Amazon.flop. Will that be the final line for the Seattle-based retailer?

The company says, No, it’s electronic retailing business is on the way to profitability.

That’s the bright side of Amazon.com’s current difficulties: It acknowledges that profit still matters. But, in an echo of the "new economy" conceits, the company wants to measure profitability in a unique way, ignoring some costs traditionally included in profit-loss calculations.

Well, as they used to say back in the e-boom, whatever. Either this company will float or it will sink — based on the same rules of success as still govern the once-derided old economy.

In the year and a half since Time magazine crowned Amazon founder Jeff Bezos as Person of the Year, the e-commerce craze has disappeared. At startup companies, layoff notices are now handed out like stock options once were. Federal Reserve Chairman Alan Greenspan still seems to have a handle on the economy but the massive optimism about Internet companies floated off into thin air.

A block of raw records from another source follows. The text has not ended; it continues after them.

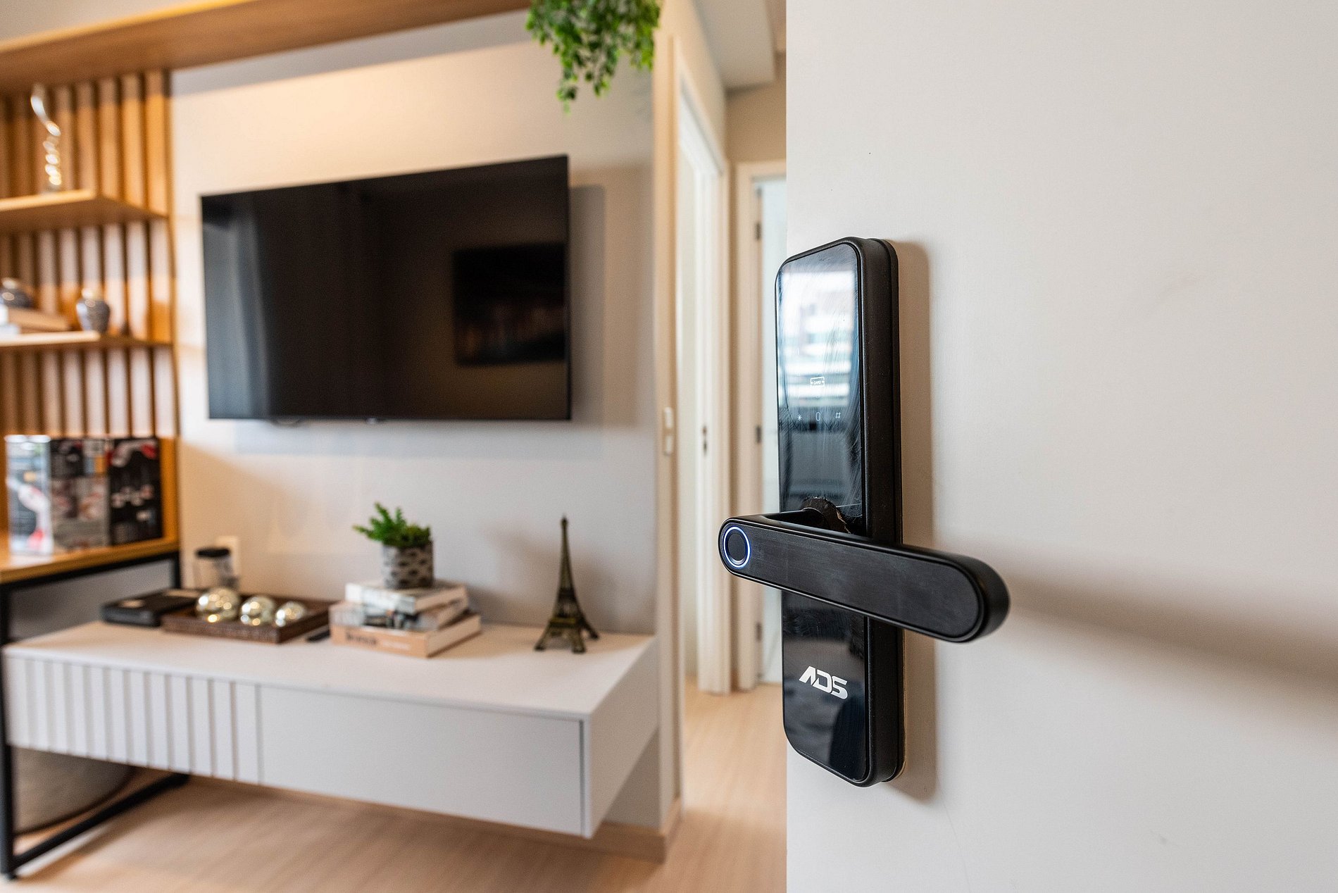 A entrada é realizada através de uma fechadura eletrônica, garantindo acesso total tanto ao apartamento quanto às comodidades do prédio.
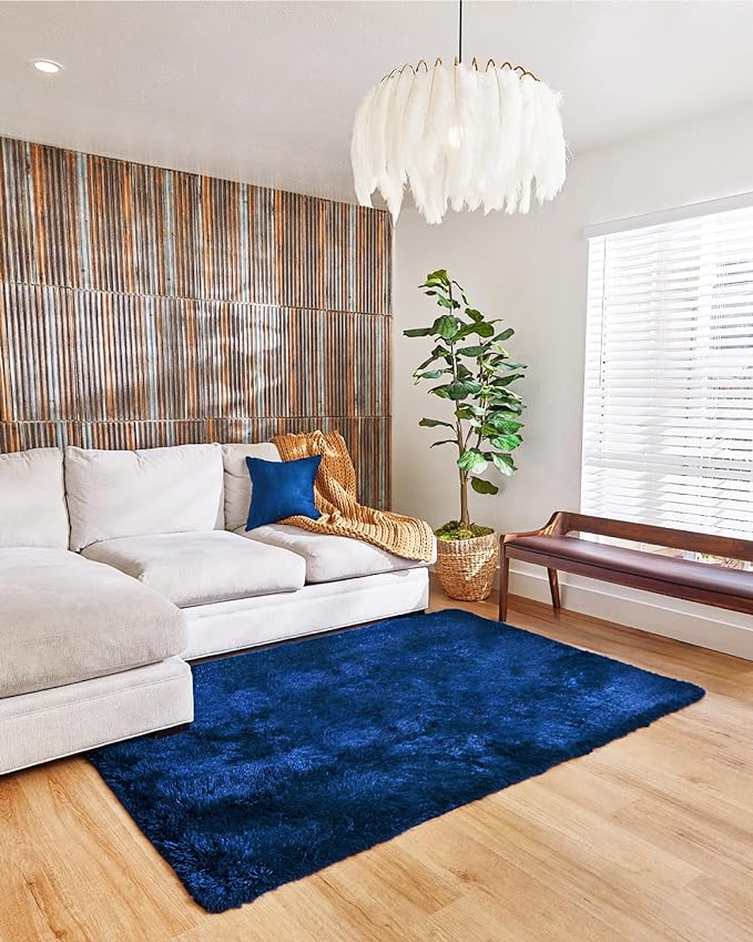 Ophanie Machine Washable 5x8 Blue Rugs for Living Room, Large Navy Fluffy Fuzzy Plush Shag Comfy Soft,Non-Slip Indoor Floor Carpet, Kids Boys Girls,Room,Bedroom,Playroom, Home Decor Aesthetic, Nursery
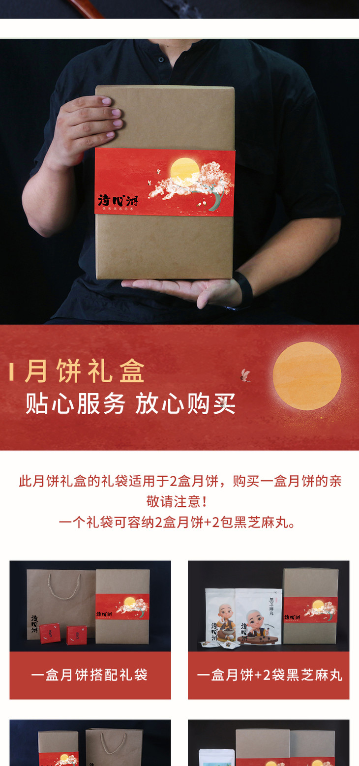 19年 月饼礼盒:6粒装 预售9.5开始发货清心湖黑芝麻五仁*2 XO松茸*2 腰果海苔素肉松*2送礼健康无添加
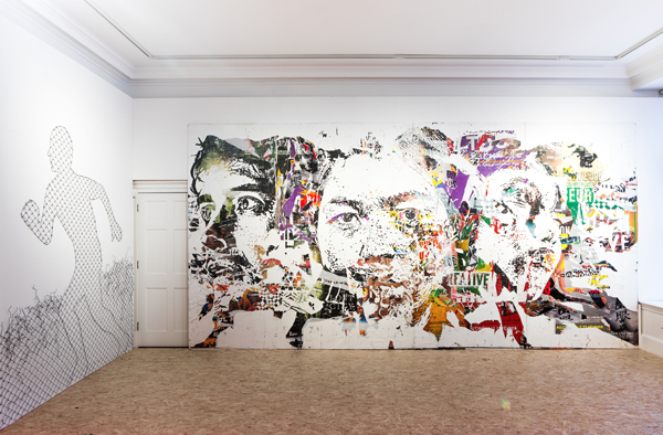 In the gallery’s first room, to the left is a man crossing a fence made from wire by two Iranian artists named IVY and SOT which alludes to the migrant crisis affecting so many parts of the world. The central wall features portraits by a Portuguese street artist who goes by the name of Vhils. The portraits comprise remnants of used posters and flyers glued to layers of billboard. Originally a graffiti artist, Vhils’s portraits can be found on many buildings in his native Portugal and beyond for which he scratches the surface of walls with a hammer drill, even explosives.
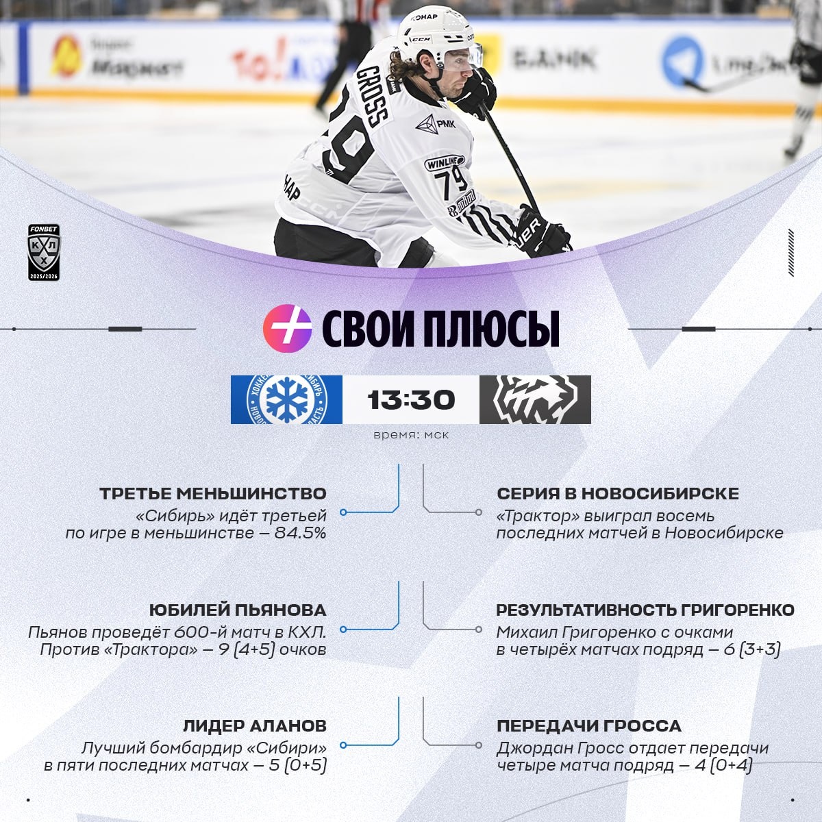 600-я игра Пьянова ❄️, эффектное возвращение Хохлачёва 💚 — у каждой команды есть Свои Плюсы. На какие стоит обратить внимание сегодня?
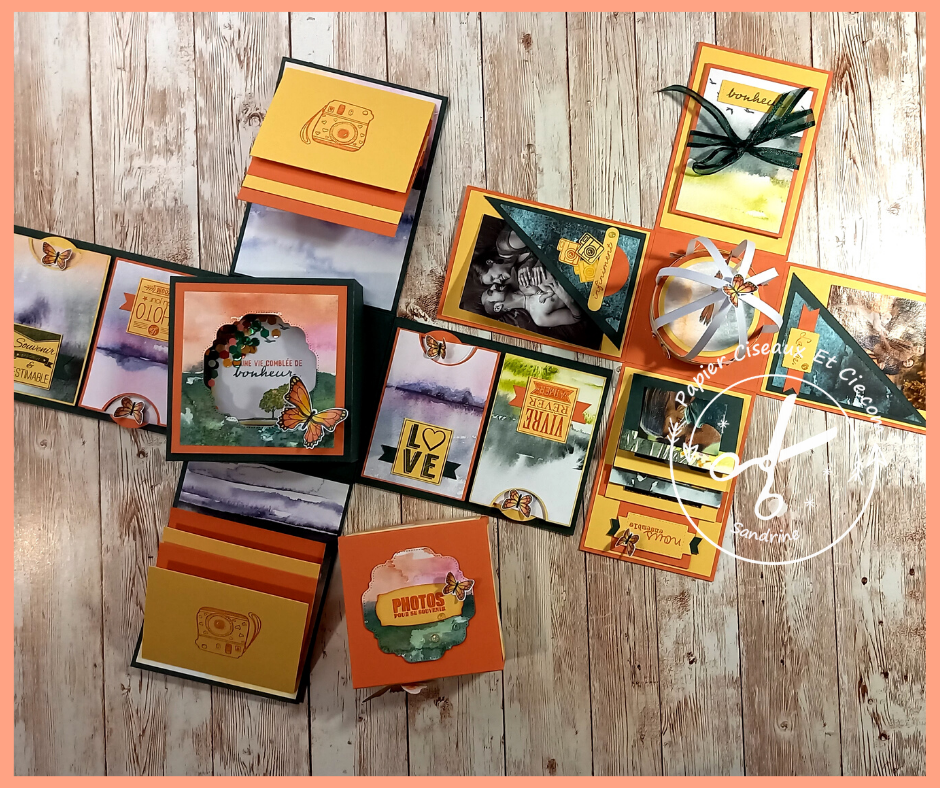 Ce mois-ci , c’est Babette qui nous propose un projet « Wouah »!! Des boîtes explosives avec plusieurs minis et même une surprise en son centre!!
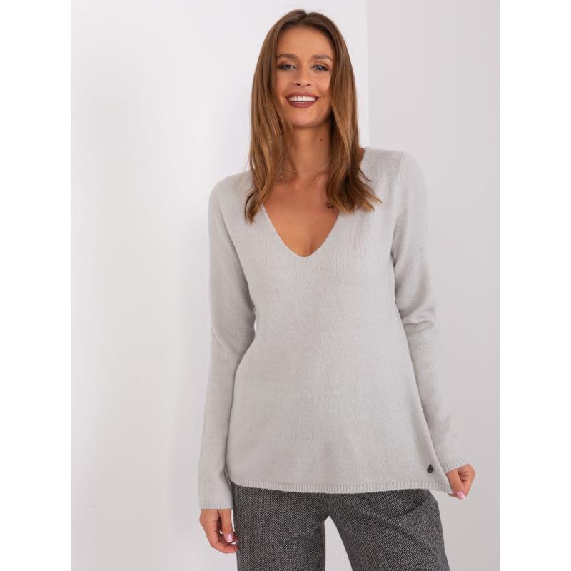 Trendi ruhadarab, amely melegen tart. Ez pontosan Női V-nyakú pulóver CHAY világosszürke.

Gone is the belief that growth depends on betting huge sums of money on the future without first delivering a sound product. Home-grown pizza companies that grow one step at a time — think of Alfy’s — now look more like works of genius than, say, Pets.com or most of the other crashed e-tailers.

The changes in the psychology of Internet investing were illustrated graphically Tuesday. Late Monday, Amazon.com announced its most recent quarterly results and its projections for later in the year. In many ways, the news was positive: Amazon posted a smaller loss than expected for the second quarter of 2001 and its sales rose 16 percent. America Online also announced that it would invest $100 million in Amazon . The only downside was a lowering of the company’s revenue projections for the remainder of the year.

Two years ago, the company’s news might have been enough to send Amazon stock on a new upward flight and float the whole Nasdaq stock exchange bubble higher. That was then, this is now: Amazon stock closed down nearly 25 percent Tuesday.

Irrational exuberance is gone. The challenge before Greenspan and President Bush is to manage the economic slowdown without letting the country slip into recession. The challenge before Amazon is more basic economic survival. On both the corporate and national levels, economic success can only be earned, not spun out of well-articulated visions.